Sector: Financials
NORTHEAST COMMUNITY BANCORP INC · Meeting: May 21, 2026
Directors FOR
4
Directors AGAINST
0
Say on Pay
FOR
Auditor
FOR
Election of Directors
NECB's 3-year price return of 110.9% outpaces the community bank benchmark QABA (3-year return 59.4%) by +51.5 percentage points, which is below the 65-percentage-point threshold required to trigger a negative vote for a company with strong positive returns; Collazo has been director since 2013 and brings deep institutional knowledge as President and COO, and all meeting attendance was 100%.
The TSR underperformance trigger does not apply because NECB's 3-year outperformance versus QABA of +51.5 percentage points is below the 65-percentage-point threshold; McKenzie has served since 2006, attended 100% of meetings, and provides relevant management and operational experience.
Morgenthau joined in 2024, which is within the 24-month exemption window under policy, so the TSR trigger does not apply; he brings relevant construction finance and legal expertise directly aligned with NECB's primary lending focus, though shareholders should note his law firm received $303,000 in fees from the Bank in 2025, which the board has reviewed and disclosed.
Bennett joined in 2026 and is exempt from the TSR trigger as a newly appointed director; her accounting and compliance background at Cherry Bekaert LLC is directly relevant to the Company's risk and financial reporting needs.
All four nominees pass policy screens. NECB's stock has risen approximately 111% over three years, outpacing the community bank benchmark QABA (First Trust NASDAQ ABA Community Bank Index) by +51.5 percentage points — strong performance that falls short of the 65-percentage-point gap needed to trigger a negative vote under the policy. Two nominees (Morgenthau, Bennett) joined recently enough to qualify for the new-director exemption. All directors attended 100% of meetings in 2025.
CEO
Kenneth A. Martinek
Total Comp
$1,259,679
Prior Support
N/A
CEO Kenneth Martinek received total compensation of $1,259,679 for 2025, consisting of a $670,000 base salary and $463,213 in performance-based cash incentive (plus benefits), with no equity grants made in 2025. The incentive plan used objective, pre-established financial metrics — return on average assets, pre-tax pre-provision net income, efficiency ratio, and a discretionary component — and payouts were earned at the stretch level because the company genuinely exceeded all targets, including a return on average assets of 2.21% against a stretch target of 2.14% and a near-zero non-performing loan ratio.

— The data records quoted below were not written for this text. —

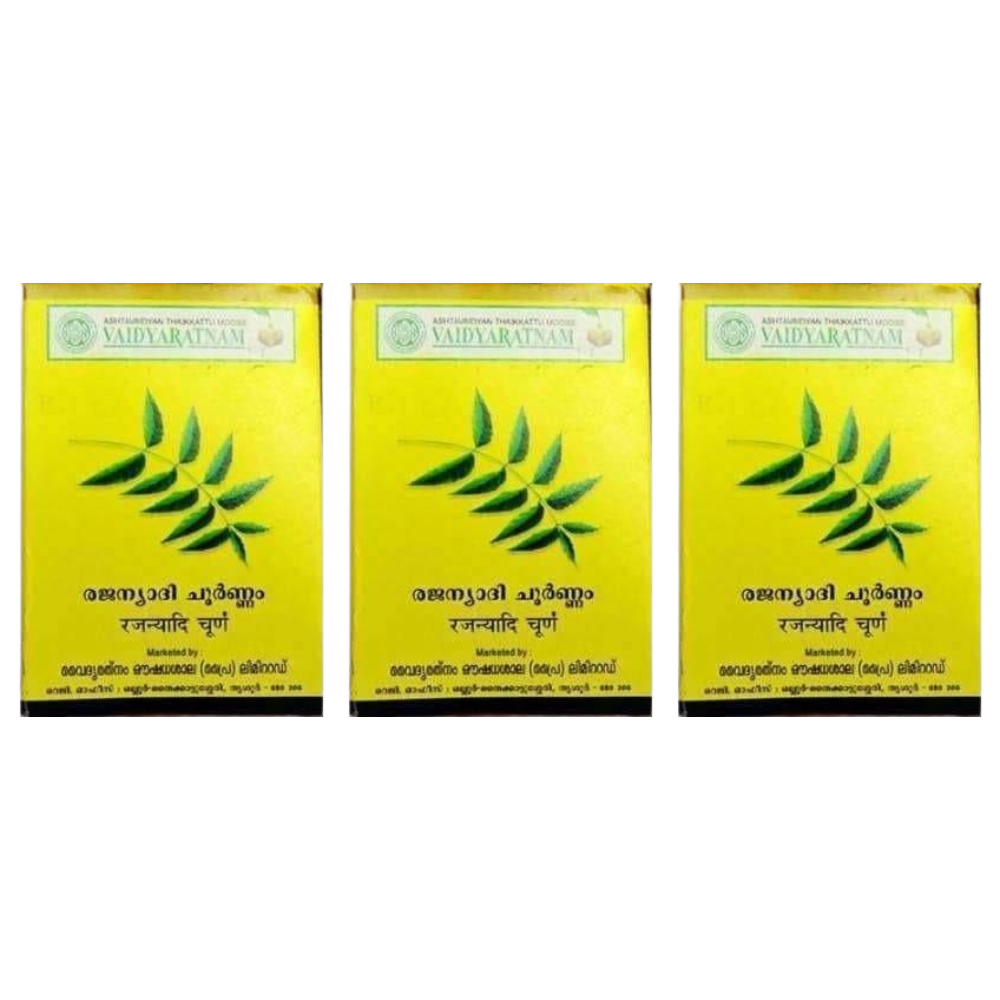 Vaidyaratnam Rajanyadi Choornam is enriched with herbal goodness. This herbal powder is made with
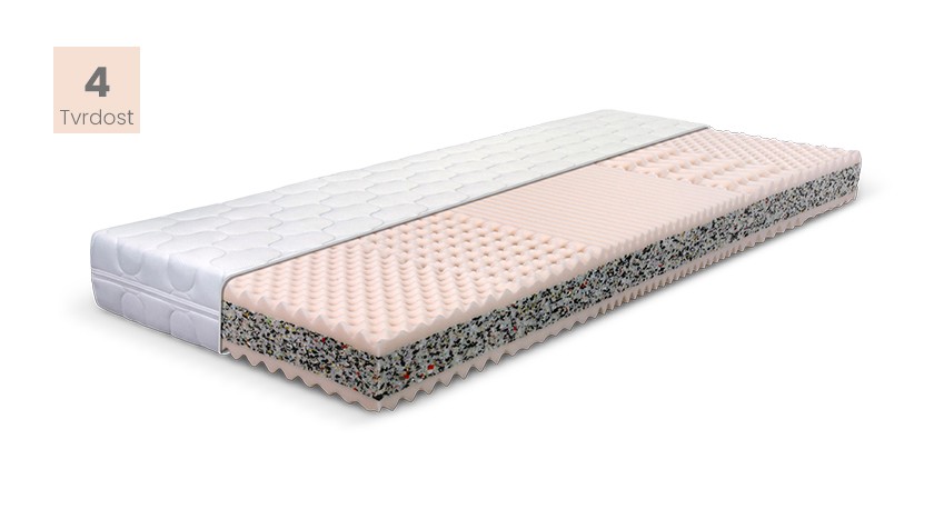 5-zónová matrace z kvalitních pěn zajišťuje anatomicky správný a velmi dobrý spánkový komfort. Oboustranné jádro matrace je složeno z desky kvalitního odlehčeného polyuretanu a po obou stranách tvořeny masážními deskami z vysoce kvalitní pěny tuhosti 25 kg / m³. Matrace je vybavena potahem v úpletu. Matrace je vhodná na lamelový pevný i polohovatelný rošt
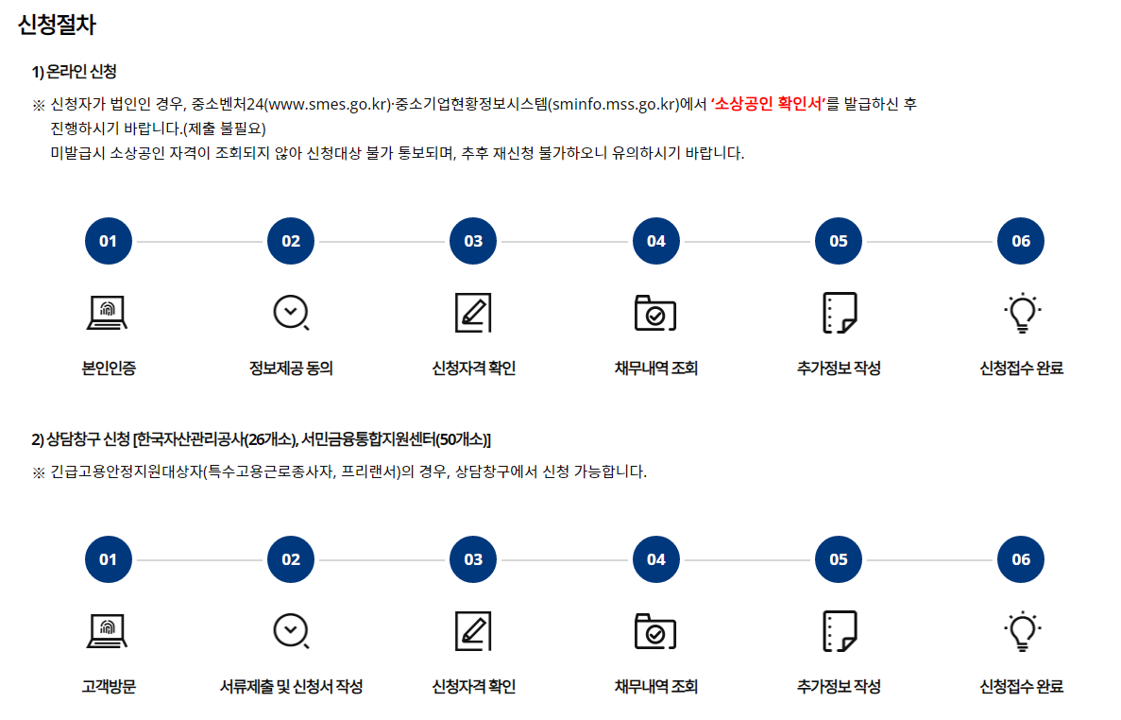 새 출발 기금 신청하러 가기

Pay-for-performance alignment is strong given that NECB's stock has returned approximately 111% over three years, far outpacing the QABA community bank benchmark by +51.5 percentage points, meaning above-target incentive pay is well-supported by shareholder outcomes.
Auditor
S.R. Snodgrass, P.C.
Tenure
N/A
Audit Fees
$284,384
Non-Audit Fees
$52,121
The non-audit fees (audit-related fees of $27,668 plus tax fees of $24,453, totaling $52,121) represent approximately 18.3% of the core audit fees of $284,384, which is well below the 50% threshold that would raise independence concerns. Auditor tenure is not disclosed in the filing, so the tenure trigger cannot be applied and policy requires a FOR vote in that circumstance. No material restatements were identified, and S.R. Snodgrass is an appropriate firm for a community bank of NECB's size and complexity.

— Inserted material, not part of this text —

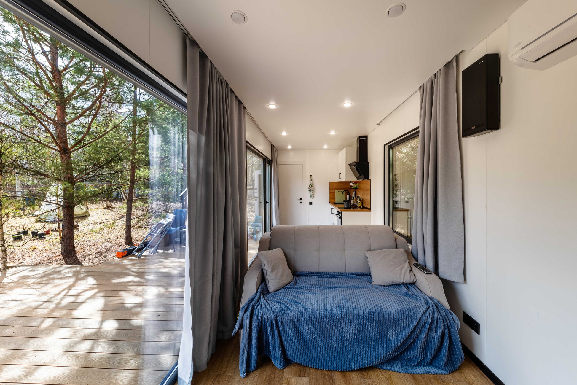 - UCB sheathing + stretch ceiling finish for a clean, modern look

NECB's 2026 annual meeting ballot contains three standard proposals plus an equity plan approval. The company has delivered exceptional shareholder returns over three years (+110.9% versus QABA's +59.4%), its executive pay is tied to objective financial metrics that were genuinely achieved, auditor fees are clean, and all four director nominees pass policy screens — resulting in FOR votes across all evaluated proposals.